> **THE DATA**:
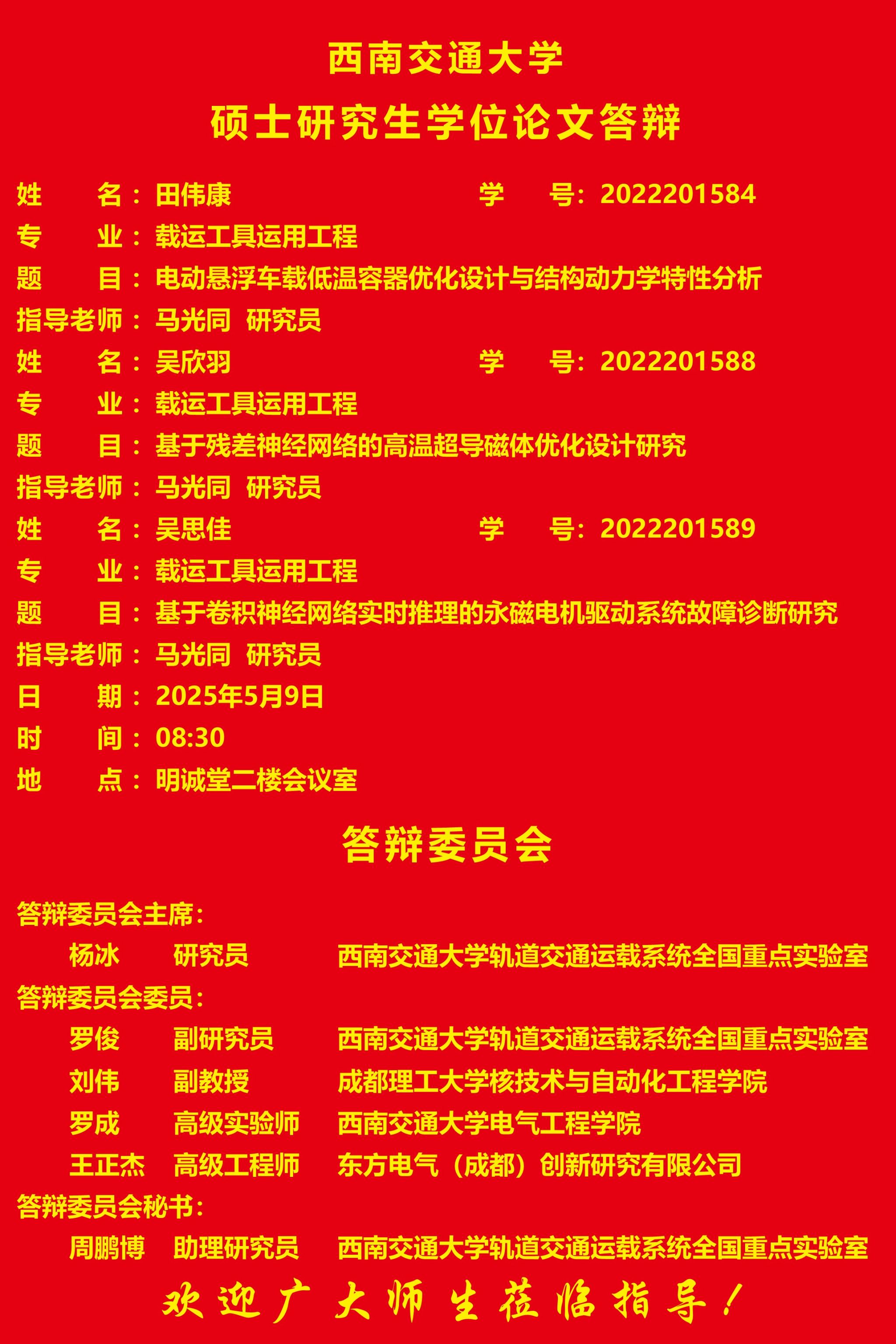 西南交通大学田伟康 、吴欣羽、 吴思佳硕士学位论文答辩
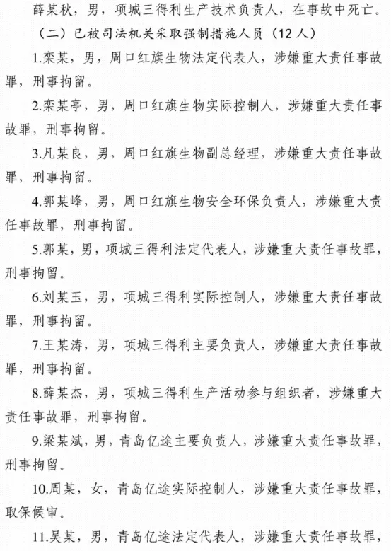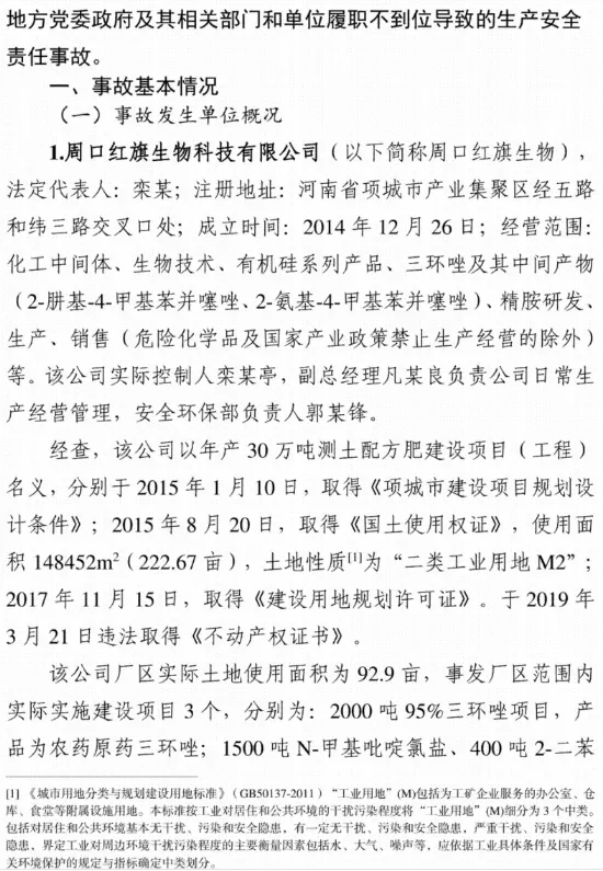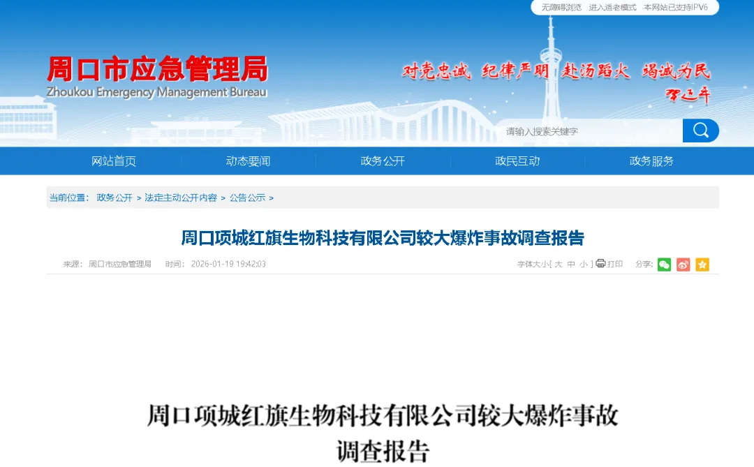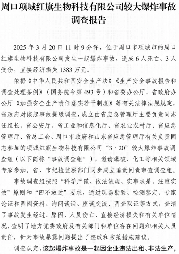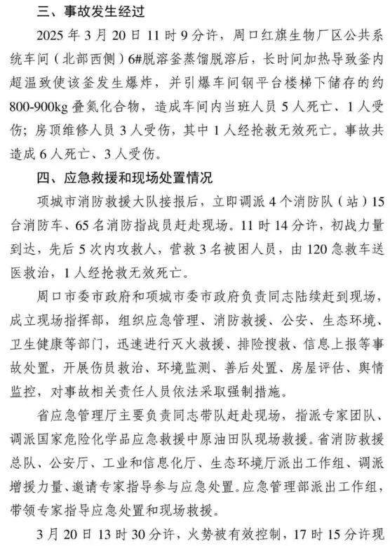2025年3月20日11时9分许,位于周口市项城市的周口红旗生物科技有限公司发生一起爆炸事故,造成6人死亡、3人受伤,直接经济损失1383万元。
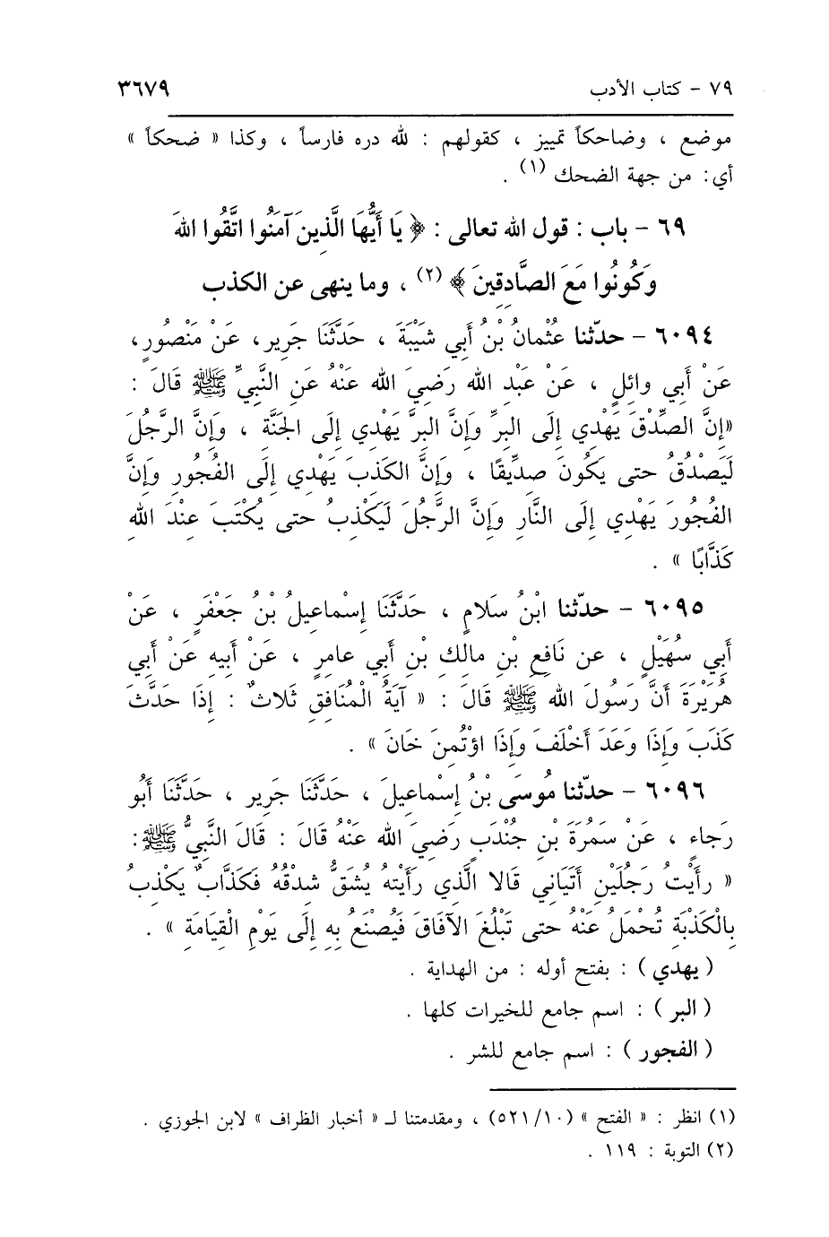 69 - بَابُ قَوْلِ اللَّهِ تَعَالَى: {يَا أَيُّهَا الَّذِينَ آمَنُوا اتَّقُوا اللَّهَ وَكُونُوا مَعَ الصَّادِقِينَ} [التوبة: 119] وَمَا يُنْهَى عَنِ الكَذِبِ

> **EXERCISE DIRECTIONS**: From the first line to the last, give the data again exactly, but without pictures.

> **WRITTEN ANSWER**:
 西南交通大学田伟康 、吴欣羽、 吴思佳硕士学位论文答辩
2025年3月20日11时9分许,位于周口市项城市的周口红旗生物科技有限公司发生一起爆炸事故,造成6人死亡、3人受伤,直接经济损失1383万元。
 69 - بَابُ قَوْلِ اللَّهِ تَعَالَى: {يَا أَيُّهَا الَّذِينَ آمَنُوا اتَّقُوا اللَّهَ وَكُونُوا مَعَ الصَّادِقِينَ} [التوبة: 119] وَمَا يُنْهَى عَنِ الكَذِبِ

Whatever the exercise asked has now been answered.